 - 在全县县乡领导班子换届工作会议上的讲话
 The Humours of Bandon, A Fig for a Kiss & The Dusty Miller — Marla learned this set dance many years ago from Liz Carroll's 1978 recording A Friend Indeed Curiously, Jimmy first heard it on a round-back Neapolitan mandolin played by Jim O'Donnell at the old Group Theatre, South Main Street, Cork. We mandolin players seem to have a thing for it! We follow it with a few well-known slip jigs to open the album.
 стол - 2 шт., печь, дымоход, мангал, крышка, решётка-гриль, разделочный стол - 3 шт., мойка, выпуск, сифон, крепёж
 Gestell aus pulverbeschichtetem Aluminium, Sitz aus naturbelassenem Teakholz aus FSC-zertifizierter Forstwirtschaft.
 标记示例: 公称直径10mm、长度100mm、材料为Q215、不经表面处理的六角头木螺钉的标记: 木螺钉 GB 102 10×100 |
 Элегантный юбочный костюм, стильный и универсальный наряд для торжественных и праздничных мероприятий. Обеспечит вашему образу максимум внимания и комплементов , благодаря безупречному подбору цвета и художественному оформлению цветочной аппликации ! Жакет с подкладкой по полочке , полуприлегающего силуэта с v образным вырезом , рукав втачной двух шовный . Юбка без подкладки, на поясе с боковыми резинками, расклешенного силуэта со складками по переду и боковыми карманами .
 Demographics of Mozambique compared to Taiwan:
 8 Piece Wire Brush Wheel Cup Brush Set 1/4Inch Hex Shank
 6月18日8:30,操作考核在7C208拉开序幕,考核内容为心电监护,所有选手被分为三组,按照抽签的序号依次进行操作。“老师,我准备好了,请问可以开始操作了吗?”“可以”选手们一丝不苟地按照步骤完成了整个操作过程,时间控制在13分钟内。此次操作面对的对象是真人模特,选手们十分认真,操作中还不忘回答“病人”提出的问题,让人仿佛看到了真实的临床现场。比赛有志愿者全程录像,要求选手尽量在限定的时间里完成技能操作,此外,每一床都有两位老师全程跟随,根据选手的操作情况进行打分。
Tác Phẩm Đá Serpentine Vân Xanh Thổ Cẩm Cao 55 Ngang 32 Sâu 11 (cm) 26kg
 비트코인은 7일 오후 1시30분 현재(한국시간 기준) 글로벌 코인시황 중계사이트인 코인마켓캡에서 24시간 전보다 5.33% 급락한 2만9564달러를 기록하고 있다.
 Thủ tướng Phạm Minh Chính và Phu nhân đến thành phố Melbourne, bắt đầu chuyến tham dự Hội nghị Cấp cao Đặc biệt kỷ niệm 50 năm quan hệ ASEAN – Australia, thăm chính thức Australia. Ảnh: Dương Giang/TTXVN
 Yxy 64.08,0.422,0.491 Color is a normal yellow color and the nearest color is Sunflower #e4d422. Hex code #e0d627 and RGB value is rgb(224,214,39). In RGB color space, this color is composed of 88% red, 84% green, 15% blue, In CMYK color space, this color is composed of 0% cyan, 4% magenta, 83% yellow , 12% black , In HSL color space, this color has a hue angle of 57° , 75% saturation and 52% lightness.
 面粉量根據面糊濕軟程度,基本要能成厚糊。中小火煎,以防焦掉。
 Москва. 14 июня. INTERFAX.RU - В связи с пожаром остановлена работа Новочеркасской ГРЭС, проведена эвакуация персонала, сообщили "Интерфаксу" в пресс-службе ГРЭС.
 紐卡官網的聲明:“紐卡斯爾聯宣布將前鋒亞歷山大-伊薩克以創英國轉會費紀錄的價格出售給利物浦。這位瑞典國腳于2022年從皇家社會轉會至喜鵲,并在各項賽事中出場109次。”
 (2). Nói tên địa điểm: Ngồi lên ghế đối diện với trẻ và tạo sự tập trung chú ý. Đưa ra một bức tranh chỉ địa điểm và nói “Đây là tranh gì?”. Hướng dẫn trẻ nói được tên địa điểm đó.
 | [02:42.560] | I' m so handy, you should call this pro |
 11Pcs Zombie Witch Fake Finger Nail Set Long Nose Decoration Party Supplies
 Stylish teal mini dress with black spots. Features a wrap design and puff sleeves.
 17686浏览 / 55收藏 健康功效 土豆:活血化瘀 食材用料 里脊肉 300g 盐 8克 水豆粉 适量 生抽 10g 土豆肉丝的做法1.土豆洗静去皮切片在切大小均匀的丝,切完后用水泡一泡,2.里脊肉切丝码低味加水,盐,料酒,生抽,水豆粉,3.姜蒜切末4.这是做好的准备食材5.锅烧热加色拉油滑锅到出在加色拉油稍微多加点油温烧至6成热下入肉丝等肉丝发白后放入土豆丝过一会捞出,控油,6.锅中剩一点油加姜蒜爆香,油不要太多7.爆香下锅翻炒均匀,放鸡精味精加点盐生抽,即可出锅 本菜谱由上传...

·····

:: ASSIGNED TASK ::
From the records above, quote only the lines running from the line with "The Humours of" to the line with "标记示例: 公称直径10mm、长度100mm、材料为Q215、不经表面处理的六角头木螺钉的标记: 木螺钉", both lines included.

:: ANSWER FOR THIS EXERCISE ::
 The Humours of Bandon, A Fig for a Kiss & The Dusty Miller — Marla learned this set dance many years ago from Liz Carroll's 1978 recording A Friend Indeed Curiously, Jimmy first heard it on a round-back Neapolitan mandolin played by Jim O'Donnell at the old Group Theatre, South Main Street, Cork. We mandolin players seem to have a thing for it! We follow it with a few well-known slip jigs to open the album.
 стол - 2 шт., печь, дымоход, мангал, крышка, решётка-гриль, разделочный стол - 3 шт., мойка, выпуск, сифон, крепёж
 Gestell aus pulverbeschichtetem Aluminium, Sitz aus naturbelassenem Teakholz aus FSC-zertifizierter Forstwirtschaft.
 标记示例: 公称直径10mm、长度100mm、材料为Q215、不经表面处理的六角头木螺钉的标记: 木螺钉 GB 102 10×100 |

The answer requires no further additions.